El actual conflicto entre Estados Unidos e Irán se está utilizando como arma en línea a través de una oleada de desinformación, explotando la velocidad de las redes sociales para difundir narrativas falsas y alimentar la confusión. Desde imágenes manipuladas hasta deepfakes generados por IA, el panorama de la información se ha convertido en un peligroso campo de batalla, con millones de usuarios expuestos a contenido fabricado. No se trata sólo de engaños inofensivos; impacta directamente la comprensión pública de una situación geopolítica volátil.
La propagación viral de las falsedades
Inmediatamente después de los recientes ataques militares de Estados Unidos e Israel en Irán, incluido el trágico incidente en la escuela Shajareh Tayyebeh, a los pocos días comenzaron a circular publicaciones virales. Estos iban desde imágenes de simuladores de vuelo alteradas digitalmente que se hacían pasar como operaciones en tiempo real hasta videos antiguos reutilizados de ataques con misiles, todos diseñados para engañar a los espectadores sobre la dinámica del conflicto. Los expertos estiman que estas publicaciones ya han acumulado cientos de millones de visitas.
La situación está empeorando rápidamente, lo que ha llevado a plataformas como X (anteriormente Twitter) a ajustar sus políticas sobre el contenido generado por IA que representa conflictos armados. Según las nuevas reglas, los usuarios que publican dicho contenido sin el etiquetado adecuado corren el riesgo de ser suspendidos del programa Creator Revenue Sharing. Sin embargo, el desafío sigue siendo inmenso, ya que la información errónea se difunde más rápido de lo que los esfuerzos de moderación pueden mantener.
La economía del engaño
La proliferación de desinformación está impulsada por una red de robots y cuentas que fomentan la participación impulsadas por dos motivos principales: influencia política y ganancias financieras. Algunos actores pretenden manipular la opinión pública, mientras que otros simplemente explotan el sistema para ganar dinero mediante falsedades virales. Los usuarios, a menudo susceptibles al sesgo de confirmación y que dependen de las redes sociales para obtener noticias, son víctimas repetidamente de estas tácticas.
Los ejemplos recientes incluyen publicaciones que afirman falsamente que los contraataques iraníes fueron mucho más exitosos que la realidad, con imágenes y fotografías manipuladas que se comparten ampliamente. Una publicación con más de 4 millones de visitas mostraba falsamente misiles balísticos sobre Dubai, mientras que otra mostraba una imagen inventada del “antes y después” del complejo de un líder iraní asesinado. De manera alarmante, muchas de estas publicaciones se originaron en cuentas premium verificadas, incluidos medios de comunicación financiados por el estado en Irán.
La IA amplifica la crisis
La situación está empeorando debido al rápido avance de la IA generativa y a políticas de moderación laxas.

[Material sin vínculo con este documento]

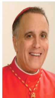
His Eminence Daniel Cardinal DiNardo PRINCIPAL CELEBRANT

Honoring the birthday of Rev. Dr. Martin Luther King, Jr.
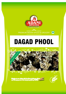
Dagal Phool 20 x 50g
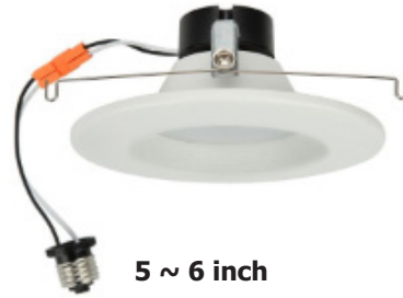
5 ~ 6 inch
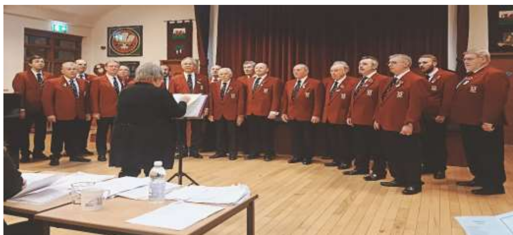
Brecon Male Choir
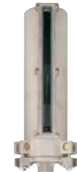
MODEL EFI GL-530
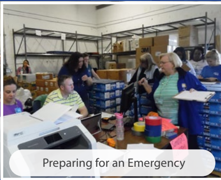
Preparing for an Emergency
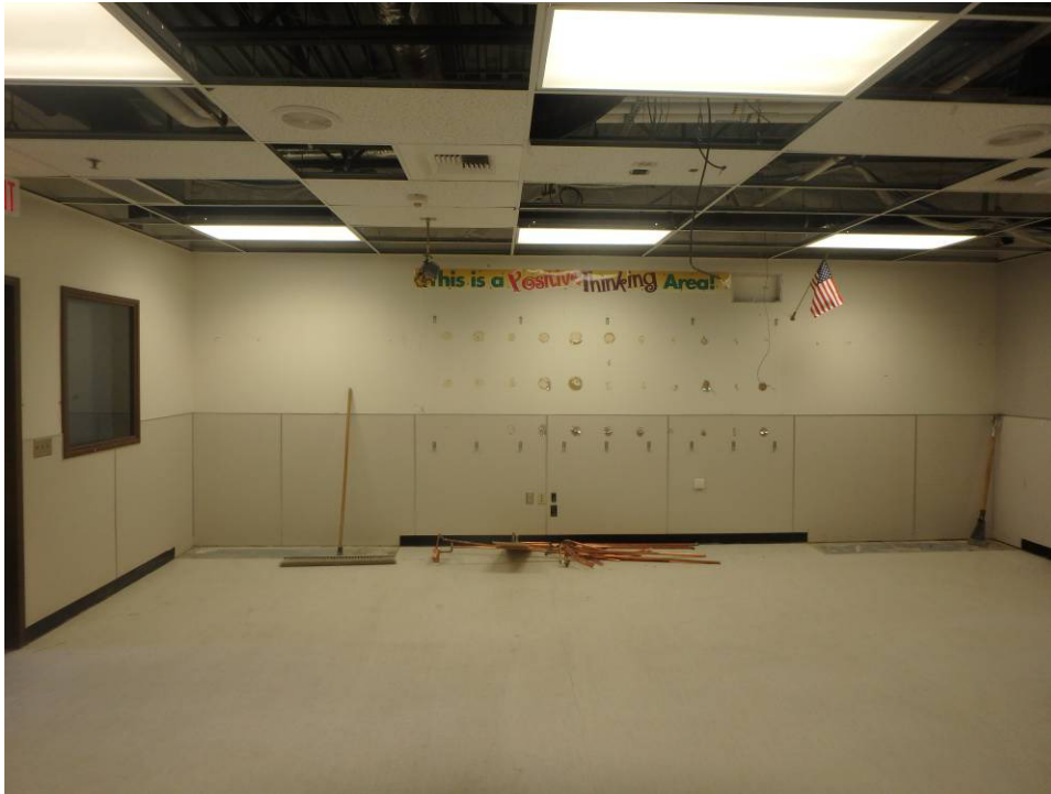
Alt. 1 main room north wall
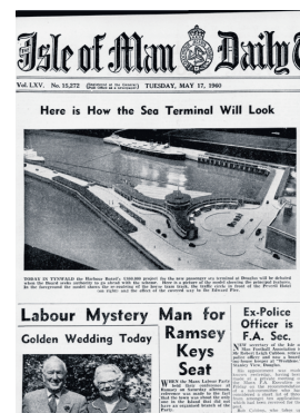
The 'three-legged' design as revealed to the nation in the Isle of Man Daily Times on May 17, 1960. The model, as displayed to Tynwald members, was constructed on four flush-skinned house doors

However, throughout, it remains an important landmark building, which slots into the harbour side landscape well from where you view it.
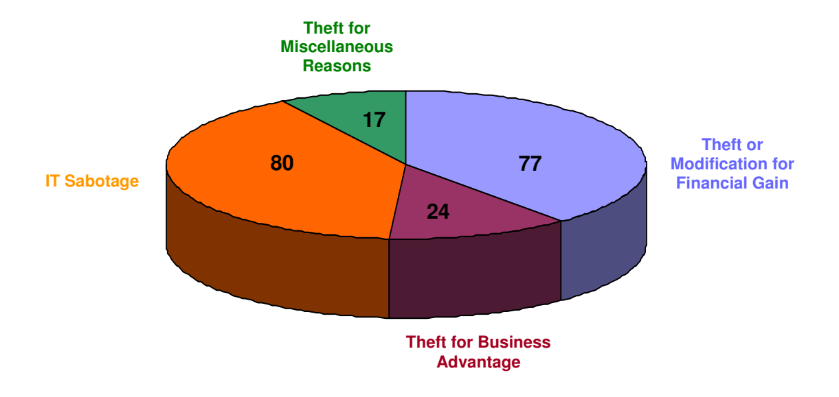
Figure 1. Breakdown of Insider Threat Cases<sup>5</sup>

Some cases fell into multiple categories. For example, some insiders committed acts of IT sabotage against their employers' systems, then attempted to extort money from them, offering to assist them in recovery efforts only in exchange for a sum of money. A case like that is categorized as both IT sabotage and theft or modification of information for financial gain. Four of the 190 cases were classified as theft for financial gain and IT sabotage. Another case involved a former vice president of sales copying a customer database and sales brochures from the organization before deleting them and taking another job. This case is classified as theft of information for business advantage and IT sabotage. One case was classified as theft for business advantage and IT sabotage. Finally, three cases where classified as IT Sabotage and Theft for Miscellaneous Reasons.
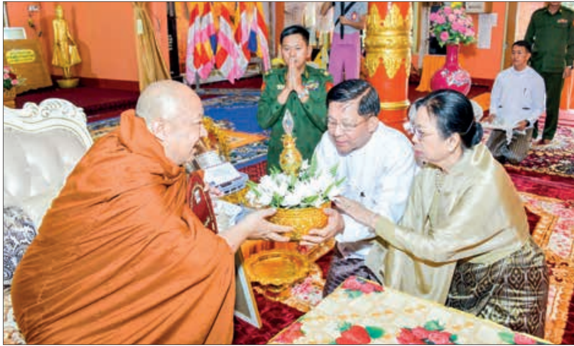
The Senior General and his wife present offerings to the Mansu Shan Monastery Sayadaw yesterday.
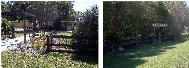
Our first stop, Weber School.

We all filled our petrol tanks to the brim and set off for Porangahau Beach via places like Weber,
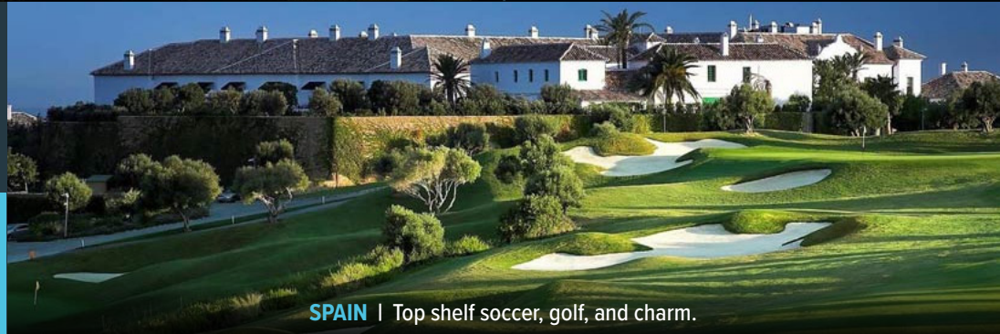
SPAIN | Top shelf soccer, golf, and charm.

Inquiries: jeff@grittygolfguide.com www.grittygolfguide.com
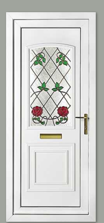
Balmoral One Classic Climbing Rose Colour White
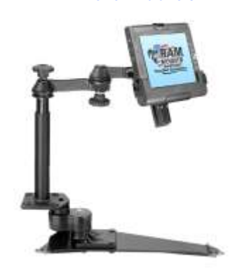
RAM-VB-139 VEHICLE BASE FOR THE 2004-NEWER HONDA ACCORD
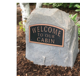
115 Rock with 653H-L-CB Address Plaque
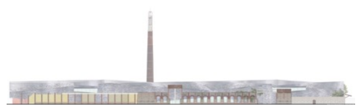
Figure 11. Front towards the sea

Directly connected to the theme of filtered direct light is the combination of resin floors, which will determine, with the appropriate colour graduations, a further element of variability and individuality of the spaces.
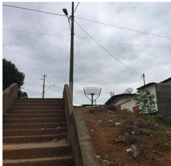
Pedestrian Bridge and Stairs – Early 2014
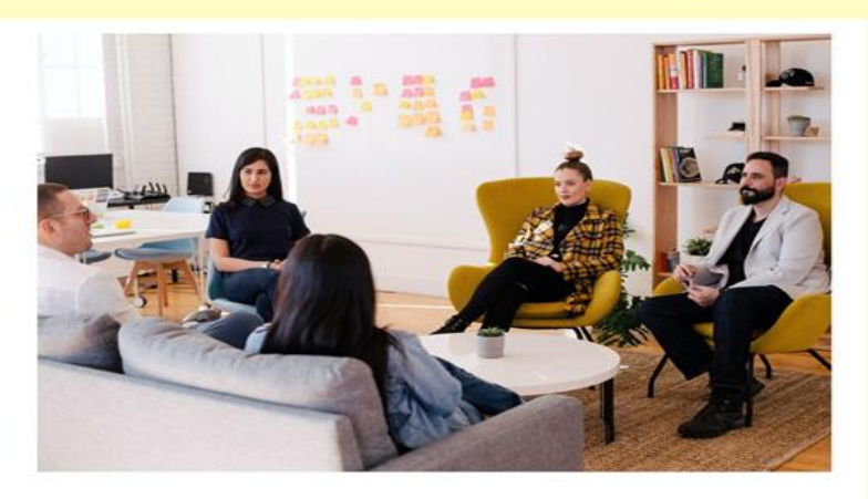
A Hopeful dimension of working in the field of Teacher Education is

One of the things that sustains me in teacher education work is the hope that I feel in relation to working with pre-service teachers and with my colleagues. We continue to find interesting and creative ways to do things and it gives me hope that we might change the system from the inside.
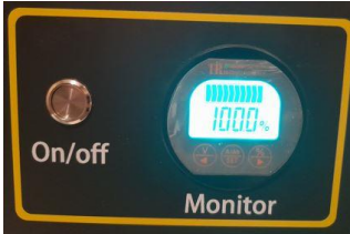
(SOC) Screen will Pulsate when charging. Draw/Voltage/Charge Rate

The Blue tooth Status gauge is like a fuel gauge, it can show full but will still be taking on charge like a fuel gauge shows full when it still has 5-10 litres to go in, the app is only an indicator of status such as charge and discharge. The SOC screen can show 90% for example and the App shows 100%. However, the unit is still taking on charge on the status screen. Once full, both SOC and App will be calibrated within a couple of percent.
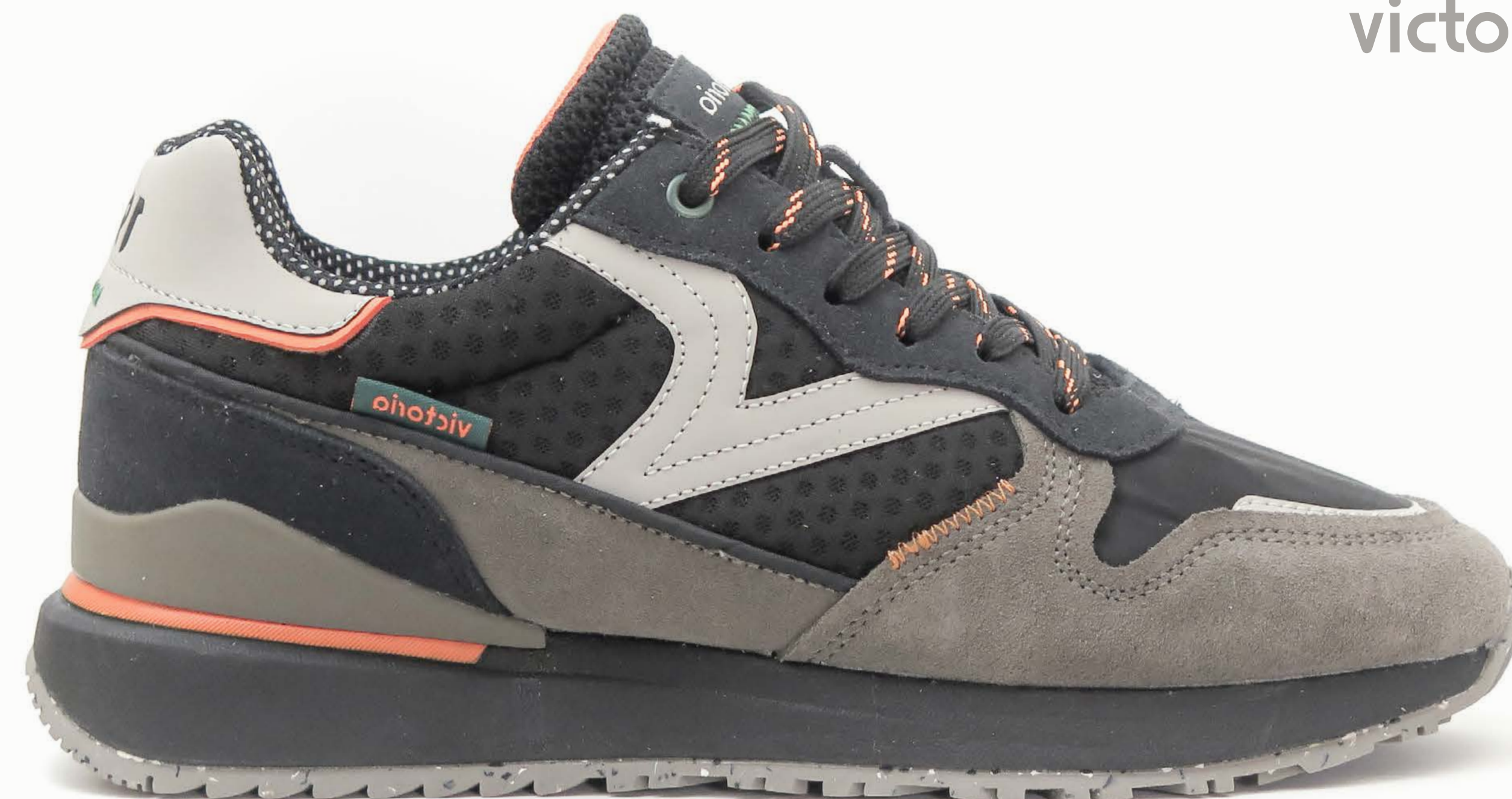
PROTOTYPE PICTURE: This is not the final sample, and might be some small color/texture changes.
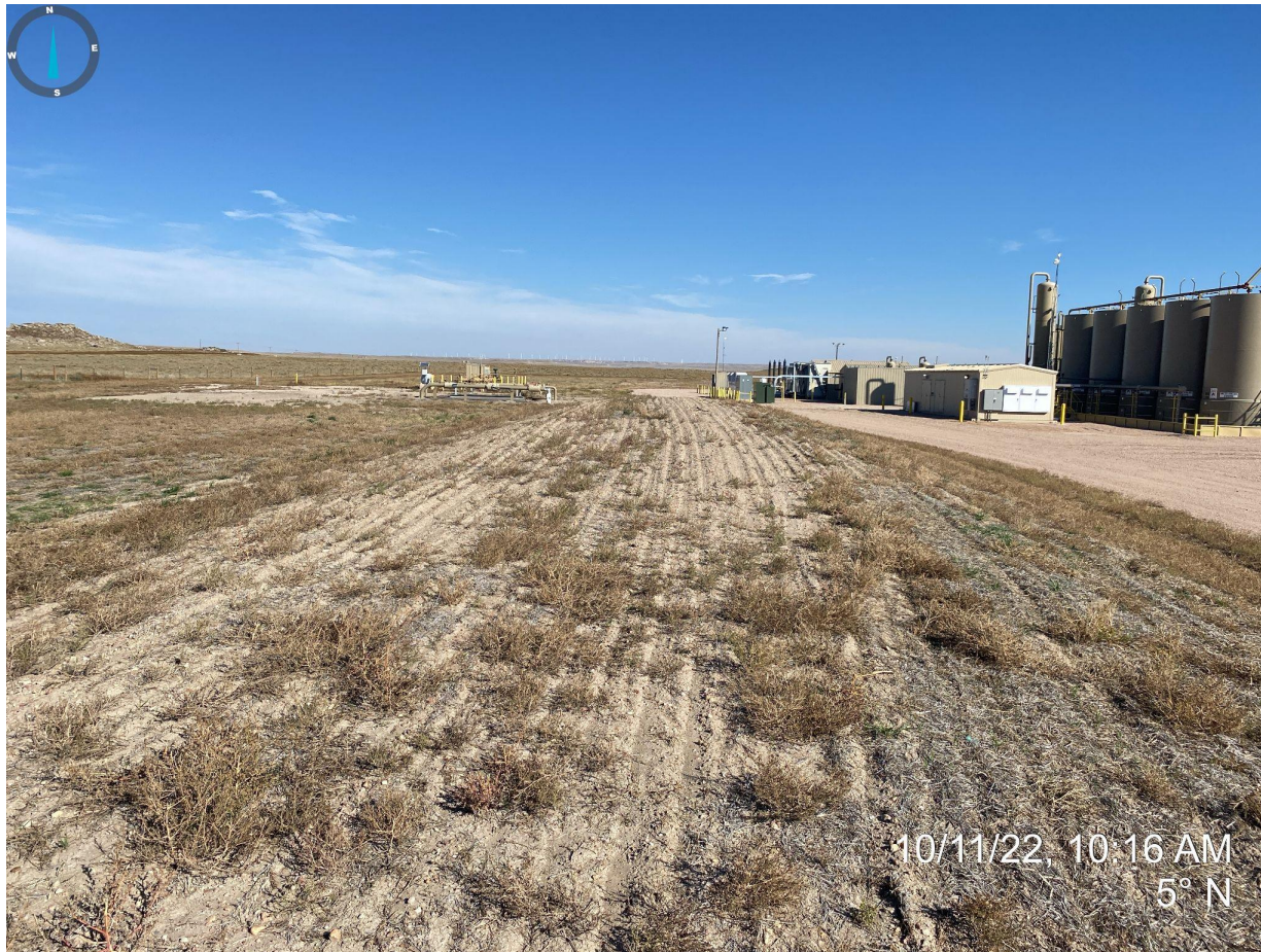
Photo 2. Taken from topsoil stockpile on the west end of location, facing north. See comments in Photo 1.

Se ha descubierto que los chatbots de IA y los motores de búsqueda, incluidos Grok de X y los resúmenes de búsqueda de Google, verifican afirmaciones engañosas, erosionando aún más la confianza en la información en línea. En un ejemplo, la IA de Google confirmó una historia falsa sobre la destrucción de un puesto avanzado de la CIA en Dubai, mientras que en realidad la imagen mostraba un incendio residencial en 2015 en Sharjah.
El Centro de Seguridad y Tecnología Emergente del Reino Unido advierte que esta difusión desenfrenada de información errónea impulsada por la IA plantea amenazas existenciales a la seguridad pública, la seguridad nacional e incluso la democracia misma.
La niebla de la guerra y la impaciencia del usuario
La crisis se ve exacerbada por una creciente “niebla de guerra”: la brecha entre los acontecimientos de última hora y la divulgación de información verificada. Los usuarios, acostumbrados al acceso instantáneo, llenan este vacío con contenido no verificado, reforzando el pensamiento conspirativo y haciéndolos más susceptibles a la manipulación.
“La gente ahora tiene un lapso más corto entre la ocurrencia de un evento y las imágenes auténticas que salen de los medios”, explica Sofia Rubinson, editora senior de NewsGuard. “Quieren darle sentido, y las imágenes son una buena manera de procesar lo que sucede en la guerra cuando no podemos comprender la escala de estos conflictos”.
Conclusión
La difusión de desinformación durante el conflicto entre Estados Unidos e Irán es un peligro claro y presente. La combinación de IA avanzada, moderación relajada y la impaciencia del usuario crea una tormenta perfecta para la manipulación. Sin una intervención urgente (que incluya una mejor supervisión de las plataformas, una alfabetización mediática crítica y mayores esfuerzos de verificación de datos), la erosión de la confianza en la información no hará más que acelerarse, haciendo más difícil discernir la realidad de la mentira en un mundo cada vez más volátil.